Are the cooling fans working?


----------



## MaddiMarie (Aug 12, 2021)

As far as I know yes the fans are working but I will double check.


----------



## MaddiMarie (Aug 12, 2021)

The air has been bled out, that's why I'm baffled. Will try it again though, thank you.


----------



## rogoman (Dec 16, 2004)

MaddiMarie said:


> The air has been bled out, that's why I'm baffled. Will try it again though, thank you.





MaddiMarie said:


> My 07 murano is overheating, even whilst idling. The radiator, water pump, thermostat and all hoses have been replaced as well as the overflow reservoir. What the heck could it possibly be so my only means of transportation is reliable again?? Help!!


It looks like you've just about replaced everything in the cooling system. Did you replace the old thermostat with a Nissan OEM thermostat; if you replaced it with an aftermarket type like a Stant for instance, then you might run into overheating problems.
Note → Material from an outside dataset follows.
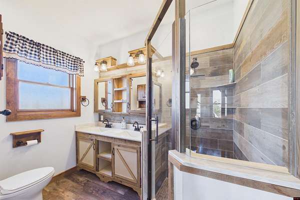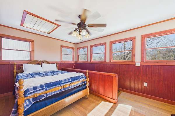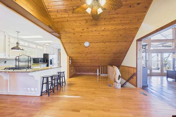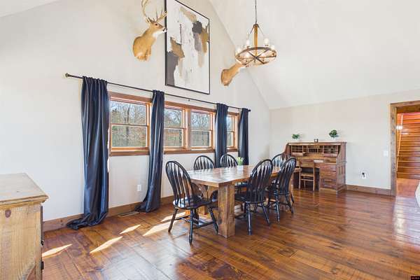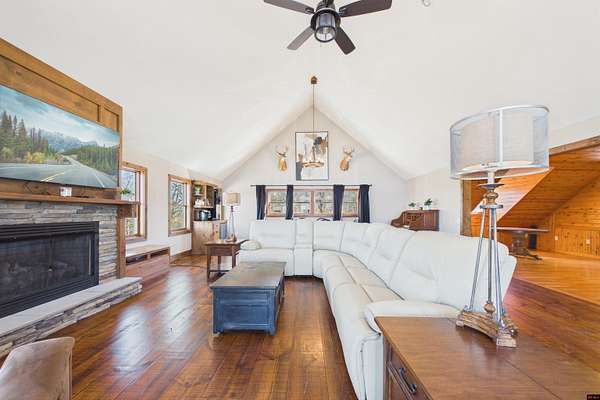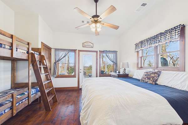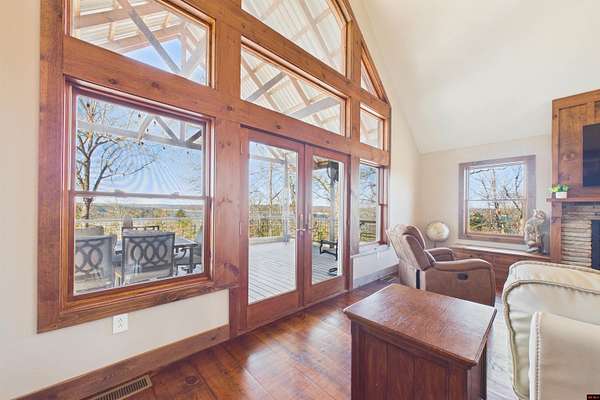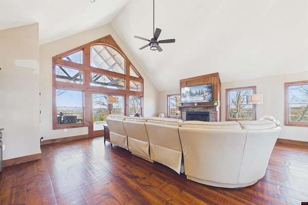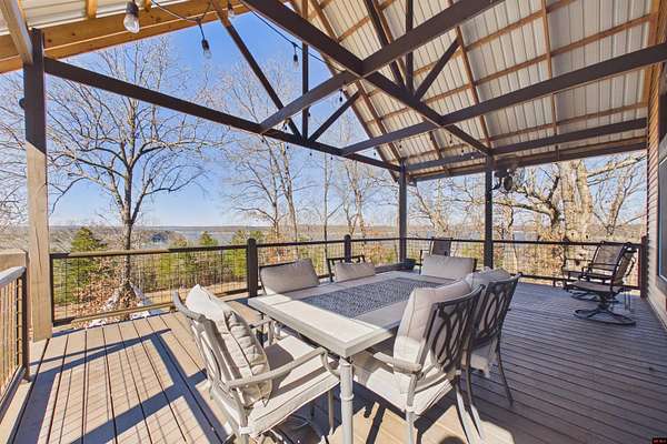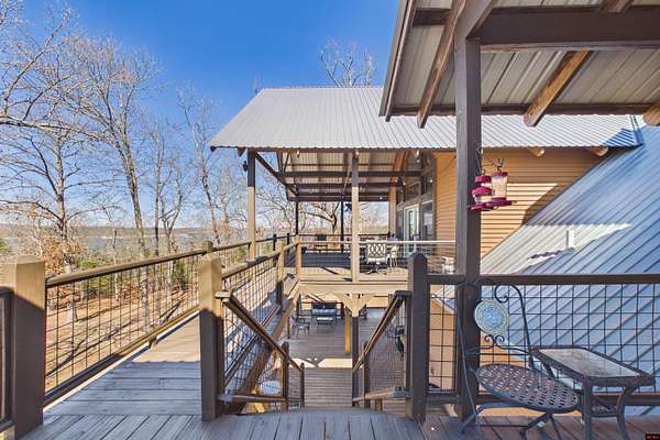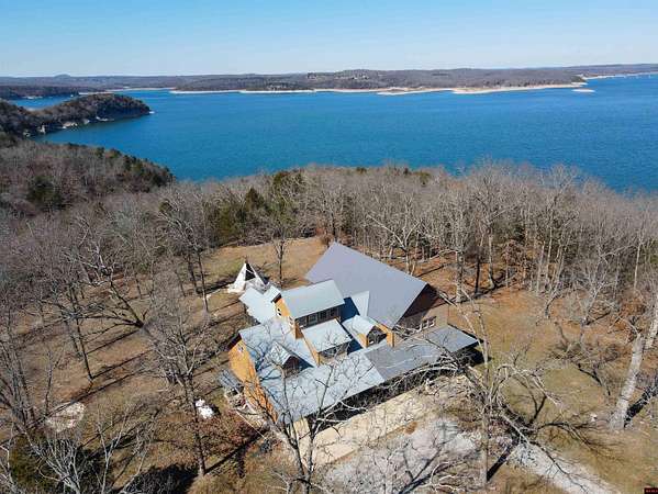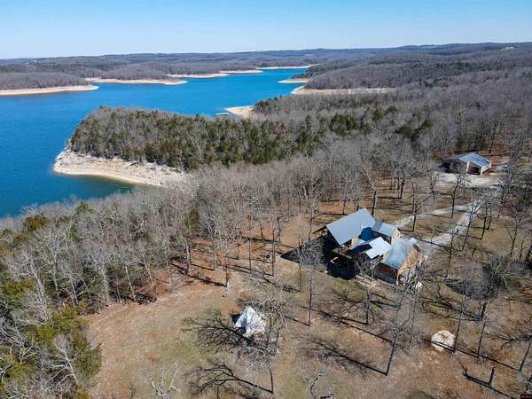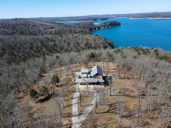 Wake up to beautiful Norfork Lake views every single day! This stunning custom-built 2,625 sq ft m/l home sits on 5 private acres m/l almost entirely surrounded by government strip, giving you unmatched privacy and direct access to nature. Inside, soaring vaulted ceilings, rich wood floors, and dramatic floor-to-ceiling windows flood the open floor plan with natural light. With 4 bedrooms (two are master suites), 3.5 baths, a dedicated office/den, and extra storage, there's space for everyone! Step onto the massive covered deck and take in the view--it's made for entertaining. The 3-car heated and cooled garage features a workshop and half bath, plus a 1,600+ sq ft outbuilding for all your boats, toys, and hobbies. Luxury, land, and lake views--this is the one.

Run a pressure test on the cooling system. The gauge is normally pumped up to around 15 psi; at this point the system should hold that pressure for around 30 min or so. If it drops off rapidly in about one min or so, then there may be a *head gasket breach* which can be followed up with a compression test on all cylinders. If you find one or more weak cylinders, you can follow that up with a "leak-down" test to find out where you're losing compression. A blown head gasket can definitely cause engine overheating.


----------